What you should do: For the entries below, copy exactly the line that contains "同学们充分发挥特长,将自己的" through the line that contains "Channel — , Discard", both ends included, and exclude all pictures.

The data:
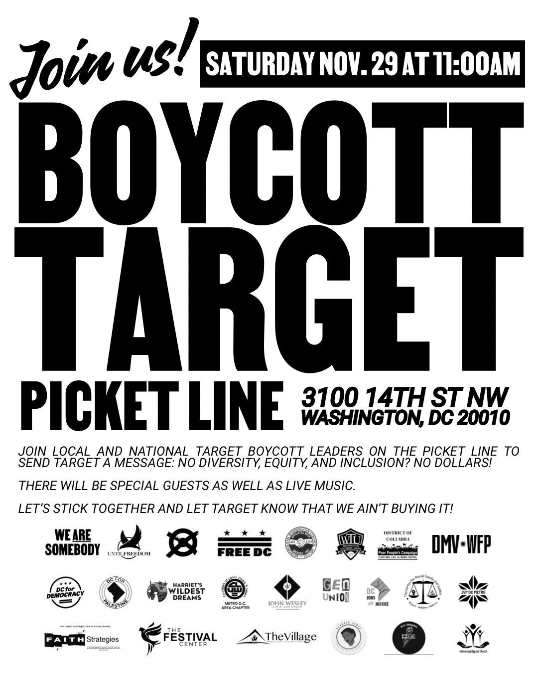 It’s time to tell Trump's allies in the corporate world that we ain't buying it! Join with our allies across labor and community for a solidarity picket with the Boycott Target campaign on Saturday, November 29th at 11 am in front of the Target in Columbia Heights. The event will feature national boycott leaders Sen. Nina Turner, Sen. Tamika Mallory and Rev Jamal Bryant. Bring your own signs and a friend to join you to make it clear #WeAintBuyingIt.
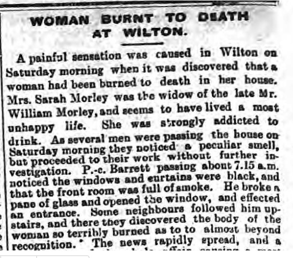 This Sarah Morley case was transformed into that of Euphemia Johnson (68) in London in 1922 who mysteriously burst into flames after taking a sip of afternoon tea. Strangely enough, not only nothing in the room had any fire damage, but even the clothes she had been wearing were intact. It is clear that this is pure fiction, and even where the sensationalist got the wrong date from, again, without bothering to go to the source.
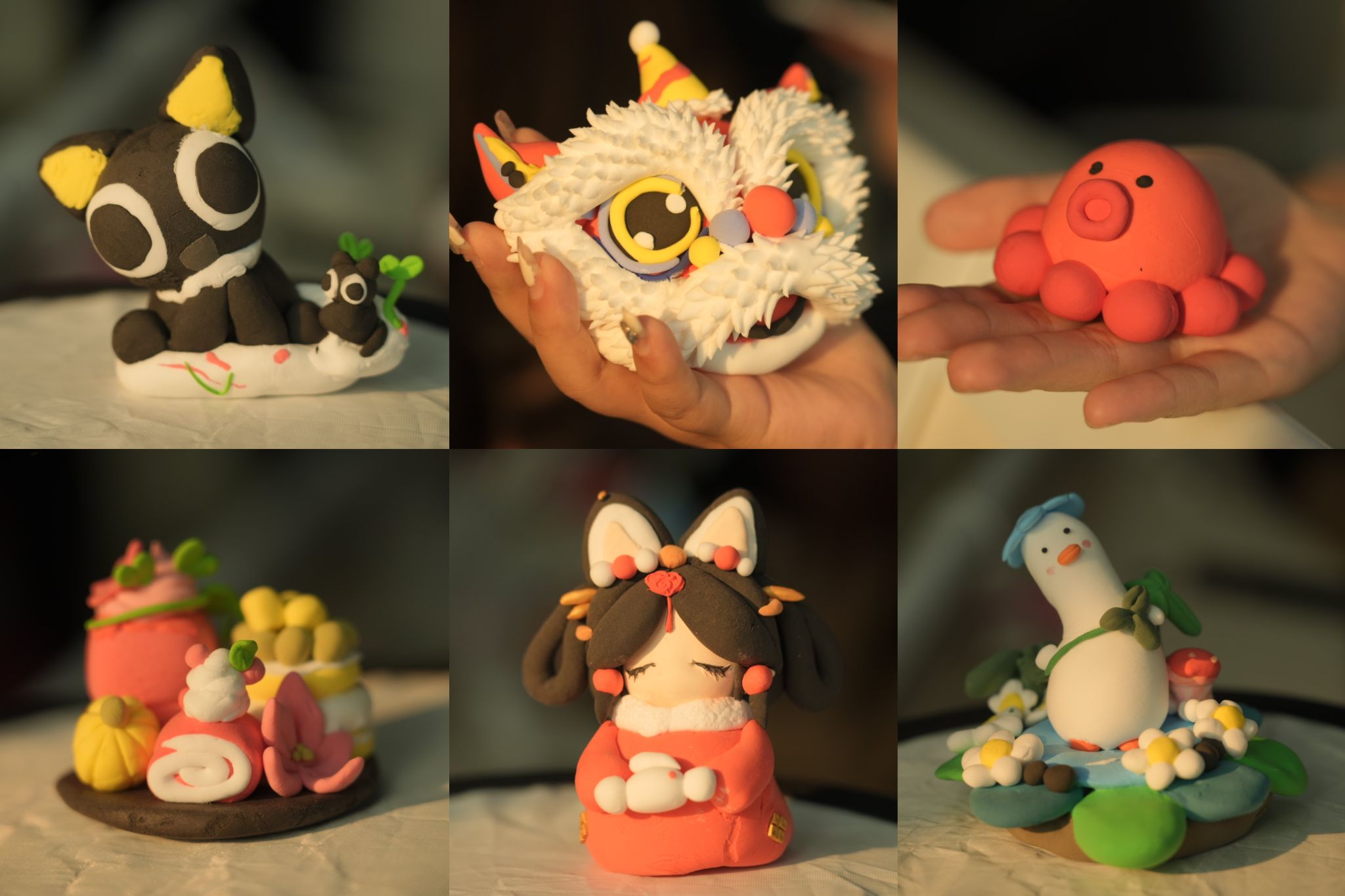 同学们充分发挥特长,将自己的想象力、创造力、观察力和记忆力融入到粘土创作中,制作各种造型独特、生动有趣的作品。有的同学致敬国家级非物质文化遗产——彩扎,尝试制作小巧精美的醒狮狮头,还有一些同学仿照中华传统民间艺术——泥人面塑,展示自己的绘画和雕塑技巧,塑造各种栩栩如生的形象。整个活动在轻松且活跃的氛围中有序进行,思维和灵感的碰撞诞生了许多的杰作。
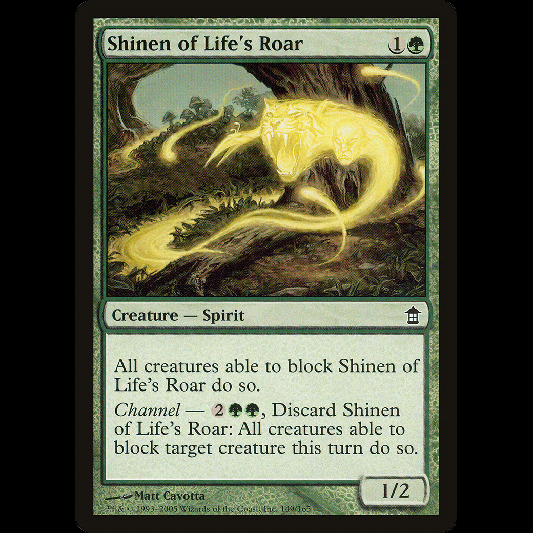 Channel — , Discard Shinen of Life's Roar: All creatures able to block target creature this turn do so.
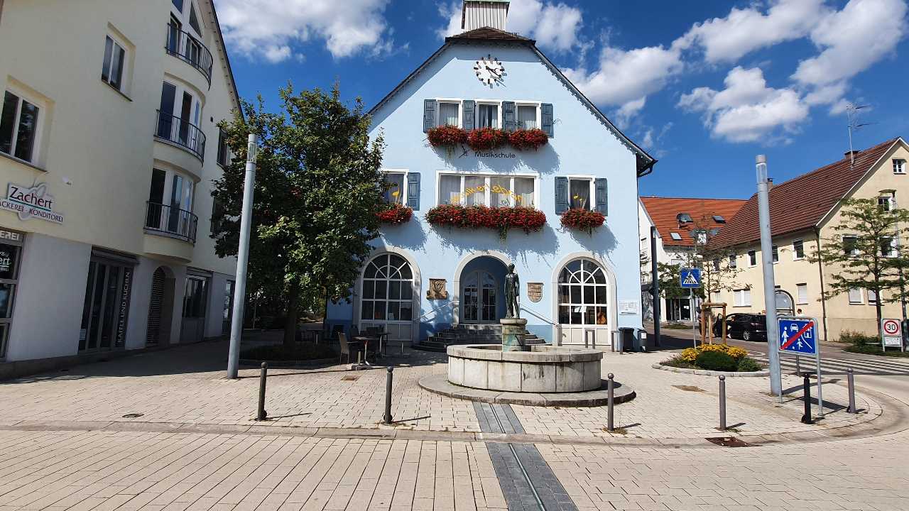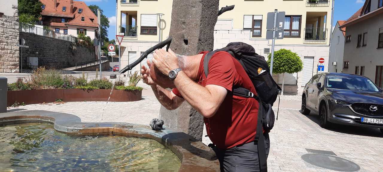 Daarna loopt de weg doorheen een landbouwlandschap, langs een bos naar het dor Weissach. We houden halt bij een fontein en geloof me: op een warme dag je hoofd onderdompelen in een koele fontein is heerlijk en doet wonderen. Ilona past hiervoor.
---
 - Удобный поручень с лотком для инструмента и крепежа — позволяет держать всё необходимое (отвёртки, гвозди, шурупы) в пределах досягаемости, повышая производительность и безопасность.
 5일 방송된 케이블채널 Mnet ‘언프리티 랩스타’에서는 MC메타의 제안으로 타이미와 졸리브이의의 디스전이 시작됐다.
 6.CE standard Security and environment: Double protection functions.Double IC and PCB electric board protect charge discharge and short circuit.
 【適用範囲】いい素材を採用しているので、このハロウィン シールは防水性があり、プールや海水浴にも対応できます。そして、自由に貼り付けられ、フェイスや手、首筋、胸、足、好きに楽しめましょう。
---
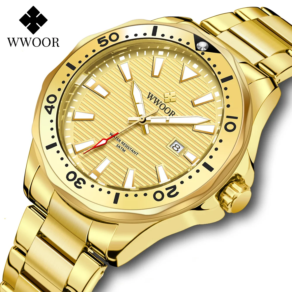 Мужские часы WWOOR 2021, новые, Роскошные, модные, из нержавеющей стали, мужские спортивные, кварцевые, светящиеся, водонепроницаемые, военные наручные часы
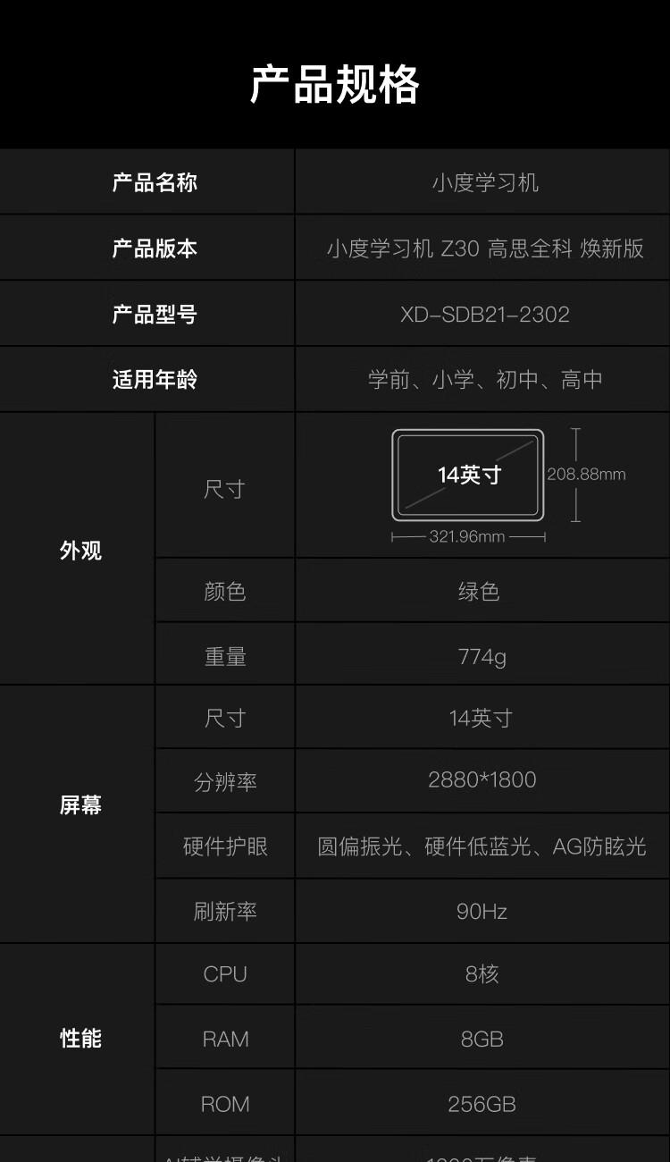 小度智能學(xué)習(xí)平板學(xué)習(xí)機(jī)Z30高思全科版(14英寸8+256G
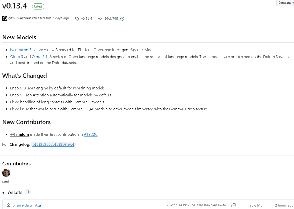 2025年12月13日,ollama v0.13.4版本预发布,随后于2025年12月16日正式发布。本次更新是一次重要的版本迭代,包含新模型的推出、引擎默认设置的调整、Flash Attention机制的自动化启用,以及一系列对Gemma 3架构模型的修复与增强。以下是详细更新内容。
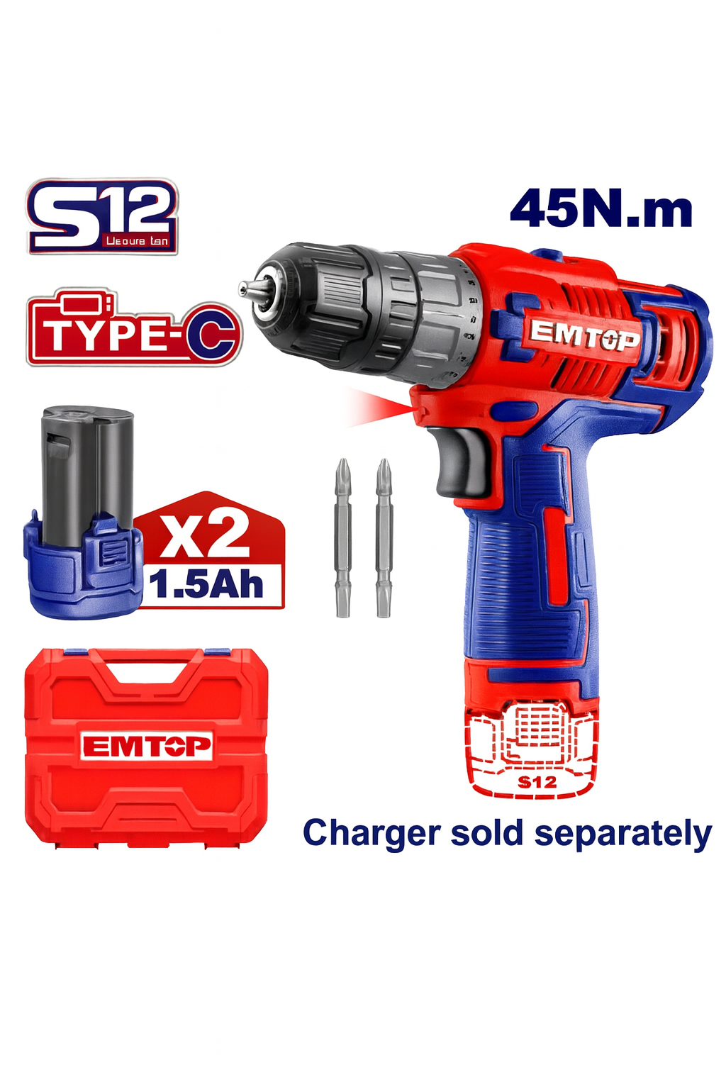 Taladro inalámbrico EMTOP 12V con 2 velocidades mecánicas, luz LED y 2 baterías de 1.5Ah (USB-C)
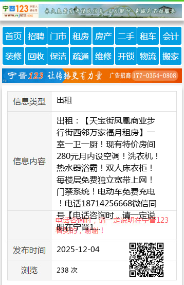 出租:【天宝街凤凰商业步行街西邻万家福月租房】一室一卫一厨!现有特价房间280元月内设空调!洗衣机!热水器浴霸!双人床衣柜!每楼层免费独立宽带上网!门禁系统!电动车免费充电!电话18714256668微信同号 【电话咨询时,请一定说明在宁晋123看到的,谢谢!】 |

Task result:
 同学们充分发挥特长,将自己的想象力、创造力、观察力和记忆力融入到粘土创作中,制作各种造型独特、生动有趣的作品。有的同学致敬国家级非物质文化遗产——彩扎,尝试制作小巧精美的醒狮狮头,还有一些同学仿照中华传统民间艺术——泥人面塑,展示自己的绘画和雕塑技巧,塑造各种栩栩如生的形象。整个活动在轻松且活跃的氛围中有序进行,思维和灵感的碰撞诞生了许多的杰作。
 Channel — , Discard Shinen of Life's Roar: All creatures able to block target creature this turn do so.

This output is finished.